When Conrey hit rock bottom at Overbrook High School, she felt that she was giving too much.
She was arriving at work early, staying up late, and working weekends, and she could hardly keep up.
In this situation, it seems that the natural way to recover and recharge would be to reduce her giving.
But that wasn’t what she did. Instead, Conrey gave more.

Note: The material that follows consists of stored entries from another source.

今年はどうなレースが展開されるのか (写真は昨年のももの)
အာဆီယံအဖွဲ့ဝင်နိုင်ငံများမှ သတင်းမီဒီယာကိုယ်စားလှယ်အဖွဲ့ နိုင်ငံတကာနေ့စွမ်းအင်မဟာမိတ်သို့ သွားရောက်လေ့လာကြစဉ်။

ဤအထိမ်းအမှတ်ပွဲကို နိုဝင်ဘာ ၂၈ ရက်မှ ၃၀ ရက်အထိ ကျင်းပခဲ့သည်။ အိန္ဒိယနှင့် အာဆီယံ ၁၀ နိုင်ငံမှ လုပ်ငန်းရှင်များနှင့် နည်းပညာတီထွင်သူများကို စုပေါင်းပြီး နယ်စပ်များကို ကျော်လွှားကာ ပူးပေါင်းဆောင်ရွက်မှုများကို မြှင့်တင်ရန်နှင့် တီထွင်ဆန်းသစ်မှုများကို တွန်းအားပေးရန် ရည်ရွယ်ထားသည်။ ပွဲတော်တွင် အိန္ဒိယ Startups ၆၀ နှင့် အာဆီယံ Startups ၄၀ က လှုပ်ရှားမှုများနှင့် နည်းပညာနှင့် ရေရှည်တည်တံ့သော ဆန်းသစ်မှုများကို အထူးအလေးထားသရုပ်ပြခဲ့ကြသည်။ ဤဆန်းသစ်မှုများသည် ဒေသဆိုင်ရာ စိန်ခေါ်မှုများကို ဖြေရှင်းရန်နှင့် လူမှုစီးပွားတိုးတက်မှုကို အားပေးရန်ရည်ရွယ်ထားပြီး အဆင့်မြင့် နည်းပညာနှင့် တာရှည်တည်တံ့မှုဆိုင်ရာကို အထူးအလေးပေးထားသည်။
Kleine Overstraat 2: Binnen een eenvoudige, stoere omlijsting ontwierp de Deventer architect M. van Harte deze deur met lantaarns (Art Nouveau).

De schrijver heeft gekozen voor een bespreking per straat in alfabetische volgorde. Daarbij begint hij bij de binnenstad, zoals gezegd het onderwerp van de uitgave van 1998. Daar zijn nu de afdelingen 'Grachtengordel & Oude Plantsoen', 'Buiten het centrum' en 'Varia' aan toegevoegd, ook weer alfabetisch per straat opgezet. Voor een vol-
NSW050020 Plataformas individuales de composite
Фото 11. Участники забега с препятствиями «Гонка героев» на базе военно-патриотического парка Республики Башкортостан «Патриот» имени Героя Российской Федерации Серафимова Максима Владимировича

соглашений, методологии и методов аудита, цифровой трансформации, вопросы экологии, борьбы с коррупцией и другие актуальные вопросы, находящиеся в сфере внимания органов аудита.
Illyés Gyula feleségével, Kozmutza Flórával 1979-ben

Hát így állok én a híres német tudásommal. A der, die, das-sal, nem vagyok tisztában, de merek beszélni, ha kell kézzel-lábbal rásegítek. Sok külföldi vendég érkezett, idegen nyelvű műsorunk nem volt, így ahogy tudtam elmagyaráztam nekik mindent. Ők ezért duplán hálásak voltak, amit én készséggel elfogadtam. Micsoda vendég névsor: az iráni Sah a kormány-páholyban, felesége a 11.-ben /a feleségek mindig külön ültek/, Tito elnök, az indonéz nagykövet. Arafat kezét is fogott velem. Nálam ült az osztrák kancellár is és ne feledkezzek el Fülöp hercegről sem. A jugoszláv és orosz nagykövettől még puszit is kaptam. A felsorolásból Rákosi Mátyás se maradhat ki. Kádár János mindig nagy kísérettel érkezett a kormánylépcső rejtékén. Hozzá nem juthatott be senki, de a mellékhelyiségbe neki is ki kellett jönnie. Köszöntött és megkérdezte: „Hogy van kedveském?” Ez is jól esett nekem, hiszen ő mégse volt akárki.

While maintaining her overwhelming teaching workload, Conrey began volunteering her time as a
TFA alumni mentor. As a content support specialist, every other week she helped ten different
teachers create tests and design new lesson plans. Then, in her limited spare time, she founded a
mentoring program. With two friends, she created a Philadelphia chapter of Minds Matter, a national
nonprofit organization that helps high-achieving, low-income students prepare for college. Conrey
spent her nights and weekends filing for nonprofit status, finding a pro-bono law firm and accountant,
and applying for national approval. Finally, after a year, she was able to start recruiting students and
mentors, and she created the plans for weekly sessions. From then on, Conrey added five hours a
week mentoring high school students.
All told, Conrey was spending more than ten extra hours per week giving. This meant even less
room in her schedule for relaxation or restorative downtime, and even more responsibility to others.
And yet, when she started giving more, Conrey’s burnout faded, and her energy returned. Suddenly, in
fact, she seemed to be a renewed bundle of energy at Overbrook, finding the strength to serve as the
coordinator for gifted students and create a Spanish 3 program from scratch. Unlike many of her
peers, she didn’t quit. Of the five teachers who joined Overbrook from TFA with her, Conrey was the
only one still teaching there after four years. Of the dozen teachers who arrived in the same three-year
window as her, Conrey was one of just two left. She became one of the rare TFA teachers who
continued teaching for at least four years, and she was nominated for a national teaching award. How
is it possible that giving more revitalized her, instead of draining her?